── Provided entries
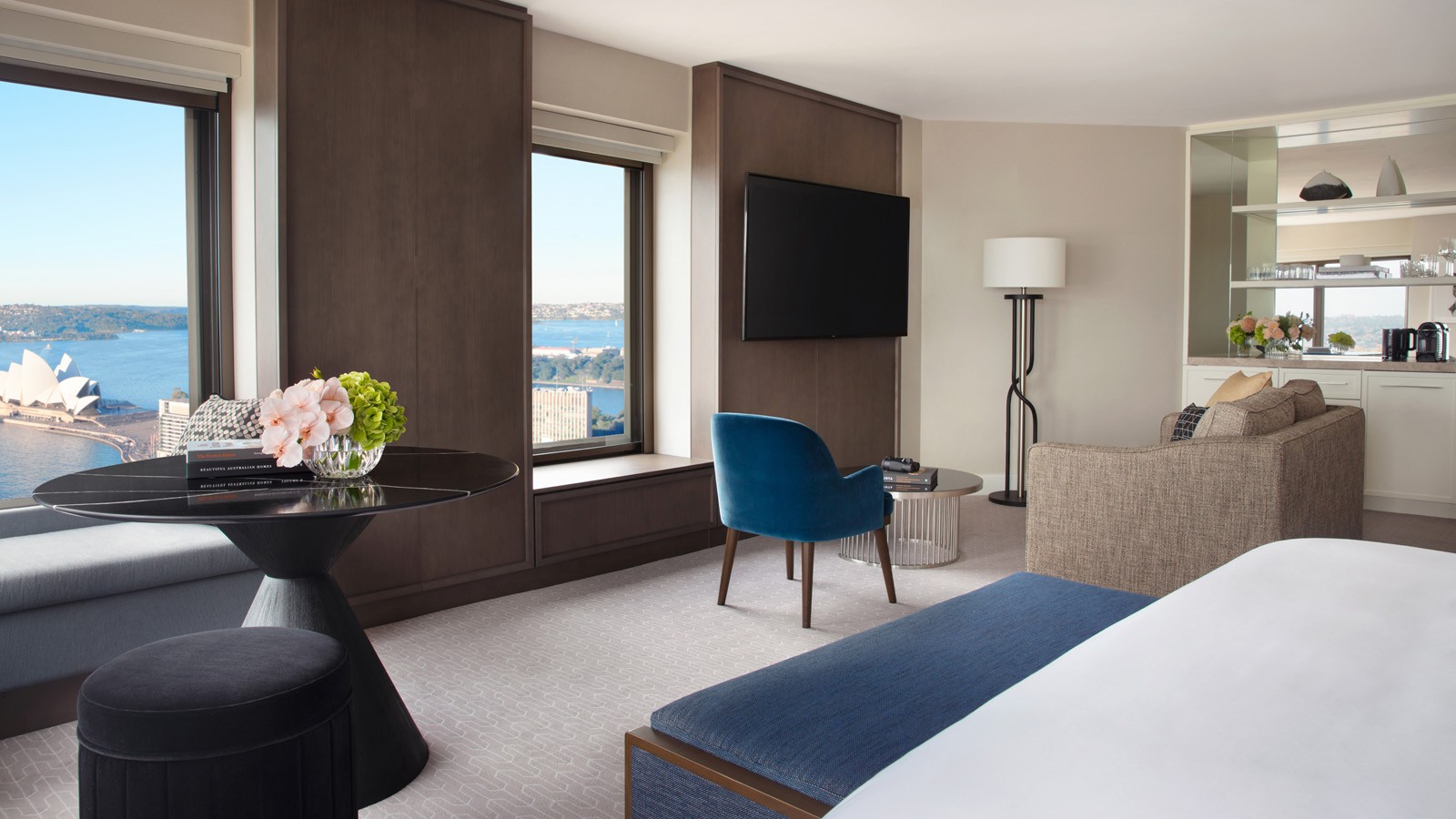 시드니 하버 위에 자리한 넓고 개방적인 구조의 스튜디오 클럽 스위트는 하버 브리지와 오페라 하우스의 파노라믹 뷰를 선사합니다. 자연 채광이 가득한 이 우아한 스위트에서 편안히 휴식을 취하며, 항해하는 요트와 시드니의 가장 상징적인 스카이라인을 감상해 보세요.
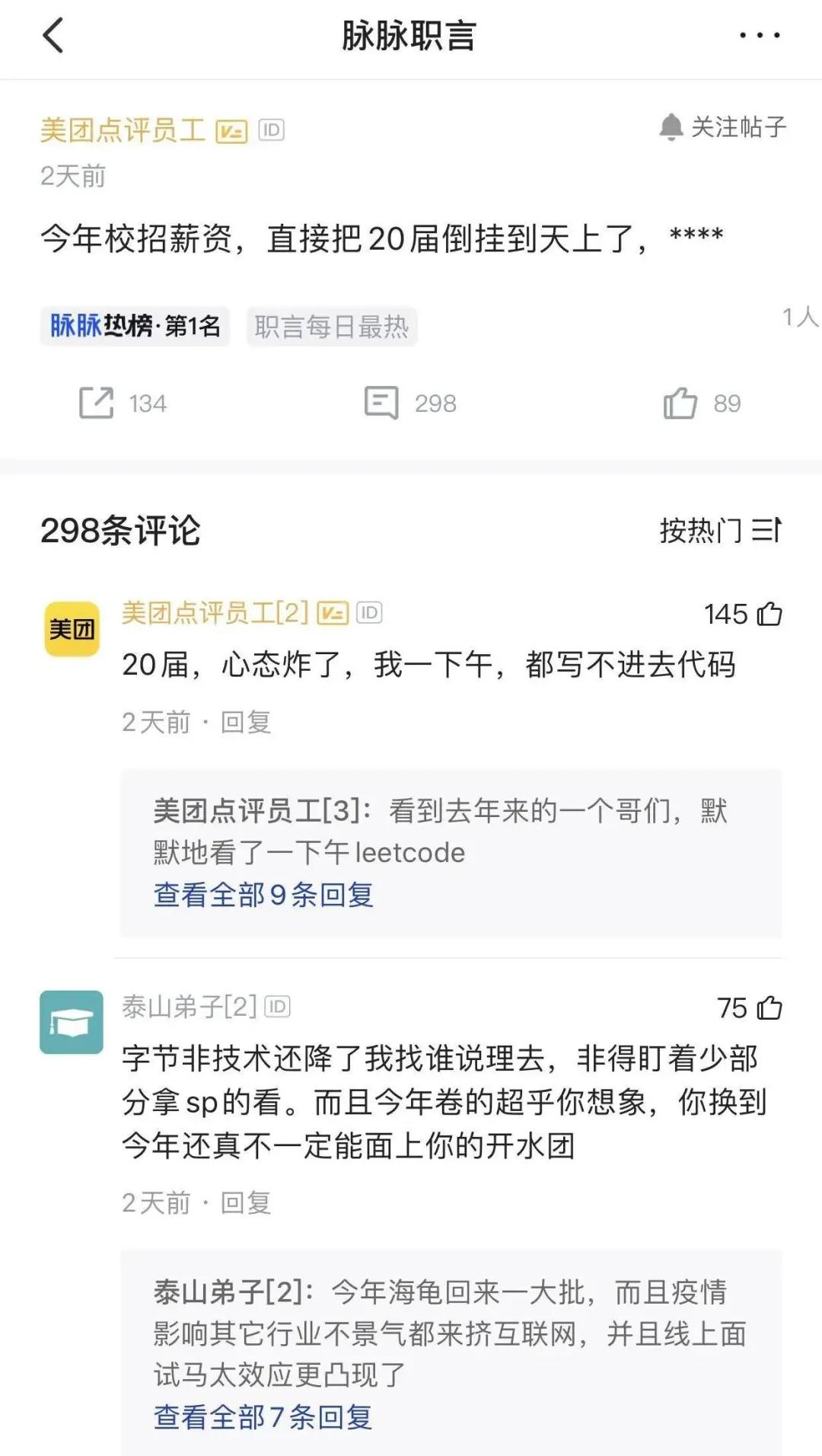 美团开奖后,后续开奖的BAT、拼多多、快手的HR们心里mmp: “美团你咋不按套路出牌?一上来直接来个王炸,谁要的起!”
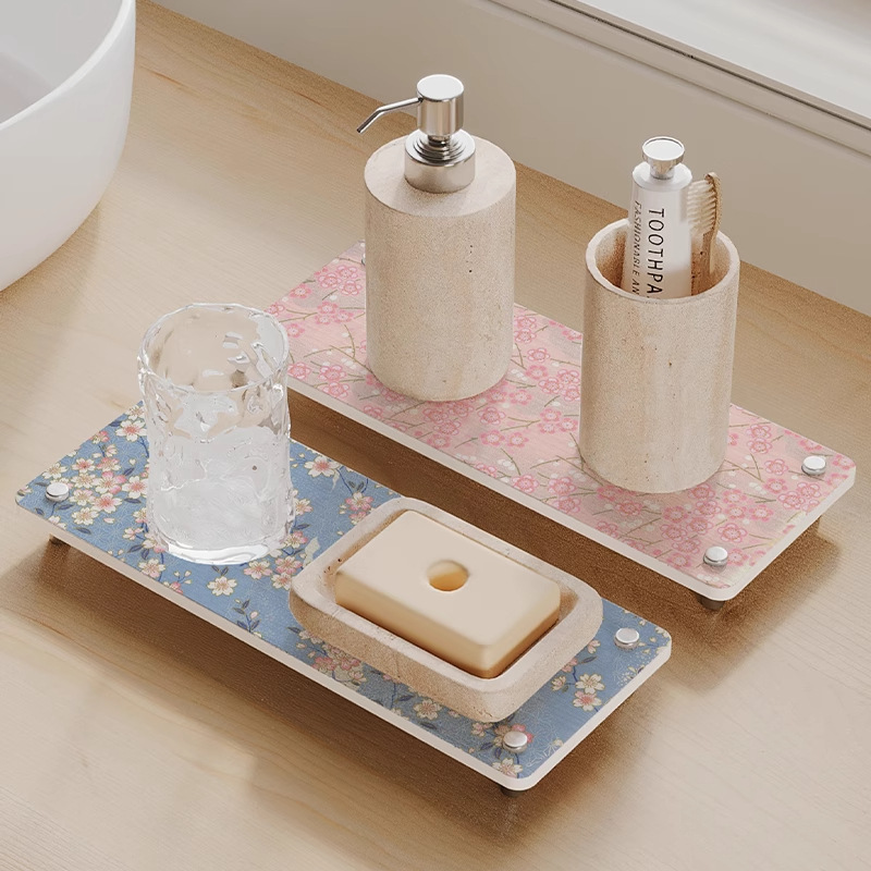 洗手台置物架硬硅藻泥台面吸水垫洗漱台速干洗手盆牙刷架漱口杯垫
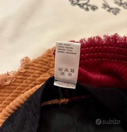 Cappello bucket originale Scout, in velluto a coste 100% cotone, con motivo patchwork in tonalità autunnali: verde oliva, senape, bordeaux.
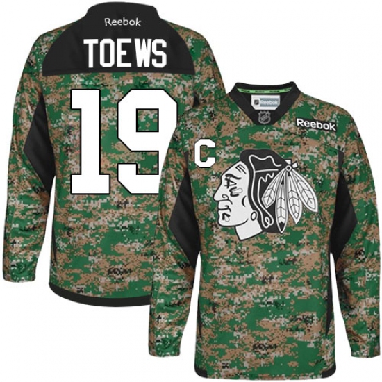 Youth Reebok Chicago Blackhawks #19 Jonathan Toews Authentic Camo Veterans Day Practice NHL Jersey
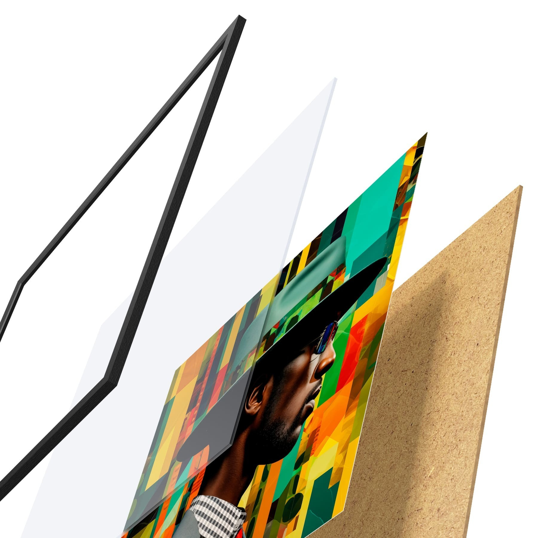 De poster bestaat uit een frame, plexiglas, geprinte afbeelding en spaanplaat achterkant. De poster kan meteen aan de muur worden gehangen dankzij de bevestigingen op de achterkant.
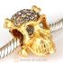 Sterling Silver Gold Plated Skull Beads with Jet Austrian Crystal
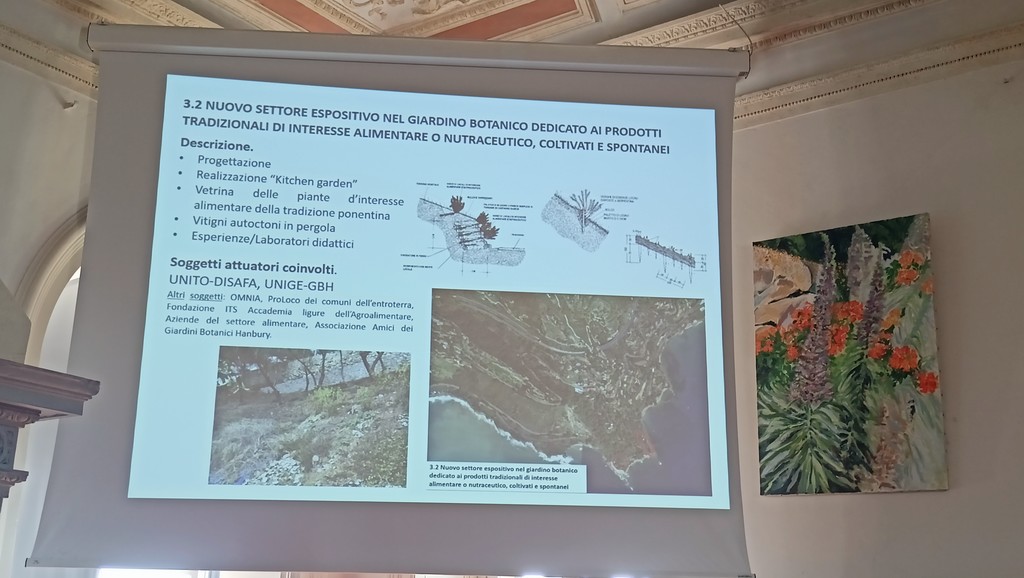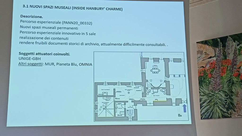 "Per la promozione culturale vi è una visione interna ed esterna. L'interna è legata a nuovi spazi museali per diffondere la conoscenza e consapevolezza del ruolo storico svolto sul territorio dai giardini botanici Hanbury, dal suo fondatore e dai suoi epigoni. Il progetto ha l'obiettivo di garantire l'accesso a materiale documentale mediante strumenti innovativi di comunicazione trasversale e transdisciplinare della cultura. E' previsto l’allestimento di nuovi spazi museali permanenti con un percorso esperienziale innovativo in 5 sale con exhibit e postazioni interattive che permetteranno la fruizione immersiva e coinvolgente, da parte di diverse categorie di utenti, di contenuti multimediali dedicati a far crescere una diffusa consapevolezza del valore del capitale naturale e dell'importanza della scienza e della tecnologia per la vita quotidiana e lo sviluppo sostenibile della società. Il visitatore virtualmente potrà godere delle fioriture nelle diverse stagioni e delle bellezze dei giardini. Vorremo raccontare anche il passaggio di personaggi famosi nei giardini e nella zona. Sarebbe un momento di arricchimento" - illustra Minuto - "Inoltre, vorremo ripristinare l'orto del giardino per coinvolgere il territorio e mostrare le eccellenze dell'orticoltura locale. Sarebbe, infatti, un'occasione per mostrare i prodotti locali e dell'entroterra e farli assaggiare ai visitatori. Si ricupererebbe così un'area degradata dell'area protetta regionale dei giardini botanici Hanbury per migliorare il quadro paesaggistico e creare un nuovo attrattore naturalistico-culturale, attraverso la realizzazione di un kitchen garden dedicato alle piante spontanee e coltivate della tradizione. Saranno, inoltre, messi a dimora anche vitigni storicamente coltivati nel territorio lungo una pergola. Previste anche attività didattiche e di sensibilizzazione sui temi generali del progetto con particolare riguardo alla biodiversità. Sono previsti incontri con insegnanti di scuole primarie e secondarie per sviluppare percorsi educativi differenziati per età ma inclusivi con visite guidate tematiche e laboratori didattici per avvicinare e far conoscere ai giovani le bellezze dei giardini. L'unico problema al momento sono i trasporti perché il servizio navetta degli scuolabus non c'è più e, perciò, chiediamo un aiuto al Comune per risolvere il disagio".
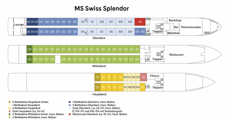Die Schweizer Reederei Scylla hat die Swiss Splendor im 2023 übernommen und im Folgejahr umfangreich renoviert. Das Schiff zeichnet sich durch die modernen Elemente sowie die hohe Anzahl an Einzelkabinen und Suiten aus.
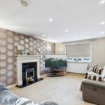 A fireplace with a gas fire and hearth and surround feature wall lighting. UPVC double glazed window to the rear elevation with a gas central heated radiator below . Spotlights to the the ceiling.
────
- Assignment -
Please give again the entries word for word, starting at the first line and ending with the line that contains "Sterling Silver Gold"; include both of those lines but none of the pictures.

- Solution -
 시드니 하버 위에 자리한 넓고 개방적인 구조의 스튜디오 클럽 스위트는 하버 브리지와 오페라 하우스의 파노라믹 뷰를 선사합니다. 자연 채광이 가득한 이 우아한 스위트에서 편안히 휴식을 취하며, 항해하는 요트와 시드니의 가장 상징적인 스카이라인을 감상해 보세요.
 美团开奖后,后续开奖的BAT、拼多多、快手的HR们心里mmp: “美团你咋不按套路出牌?一上来直接来个王炸,谁要的起!”
 洗手台置物架硬硅藻泥台面吸水垫洗漱台速干洗手盆牙刷架漱口杯垫
 Cappello bucket originale Scout, in velluto a coste 100% cotone, con motivo patchwork in tonalità autunnali: verde oliva, senape, bordeaux.
 Youth Reebok Chicago Blackhawks #19 Jonathan Toews Authentic Camo Veterans Day Practice NHL Jersey
 De poster bestaat uit een frame, plexiglas, geprinte afbeelding en spaanplaat achterkant. De poster kan meteen aan de muur worden gehangen dankzij de bevestigingen op de achterkant.
 Sterling Silver Gold Plated Skull Beads with Jet Austrian Crystal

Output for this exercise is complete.